Work task: Somewhere below is a line with "[図726]指さきの皮膚小稜の諸型(Purkinje)" and, later, a line with "Новый год справляли"; repeat those two lines and all the lines between them, exactly as they are.

Dataset entries:
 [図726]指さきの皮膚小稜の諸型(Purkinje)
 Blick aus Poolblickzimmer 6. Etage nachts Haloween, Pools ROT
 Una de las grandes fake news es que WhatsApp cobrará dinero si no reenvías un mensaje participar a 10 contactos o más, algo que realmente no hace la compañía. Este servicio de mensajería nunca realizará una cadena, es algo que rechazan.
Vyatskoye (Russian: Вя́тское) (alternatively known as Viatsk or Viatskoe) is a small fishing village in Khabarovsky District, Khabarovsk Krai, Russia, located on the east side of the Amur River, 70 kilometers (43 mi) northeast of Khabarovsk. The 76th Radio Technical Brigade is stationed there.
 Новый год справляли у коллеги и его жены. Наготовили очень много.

* * *

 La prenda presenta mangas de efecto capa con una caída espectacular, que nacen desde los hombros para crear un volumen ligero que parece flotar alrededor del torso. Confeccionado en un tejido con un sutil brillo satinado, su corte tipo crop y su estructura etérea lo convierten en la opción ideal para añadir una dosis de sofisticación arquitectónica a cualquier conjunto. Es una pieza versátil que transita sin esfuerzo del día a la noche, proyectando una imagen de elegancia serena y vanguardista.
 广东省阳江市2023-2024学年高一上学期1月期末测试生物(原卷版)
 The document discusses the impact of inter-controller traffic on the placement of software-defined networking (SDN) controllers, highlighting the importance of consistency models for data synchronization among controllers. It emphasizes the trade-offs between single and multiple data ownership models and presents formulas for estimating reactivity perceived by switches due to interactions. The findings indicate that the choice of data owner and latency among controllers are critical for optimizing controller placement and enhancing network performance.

Exercise answer:
 [図726]指さきの皮膚小稜の諸型(Purkinje)
 Blick aus Poolblickzimmer 6. Etage nachts Haloween, Pools ROT
 Una de las grandes fake news es que WhatsApp cobrará dinero si no reenvías un mensaje participar a 10 contactos o más, algo que realmente no hace la compañía. Este servicio de mensajería nunca realizará una cadena, es algo que rechazan.
Vyatskoye (Russian: Вя́тское) (alternatively known as Viatsk or Viatskoe) is a small fishing village in Khabarovsky District, Khabarovsk Krai, Russia, located on the east side of the Amur River, 70 kilometers (43 mi) northeast of Khabarovsk. The 76th Radio Technical Brigade is stationed there.
 Новый год справляли у коллеги и его жены. Наготовили очень много.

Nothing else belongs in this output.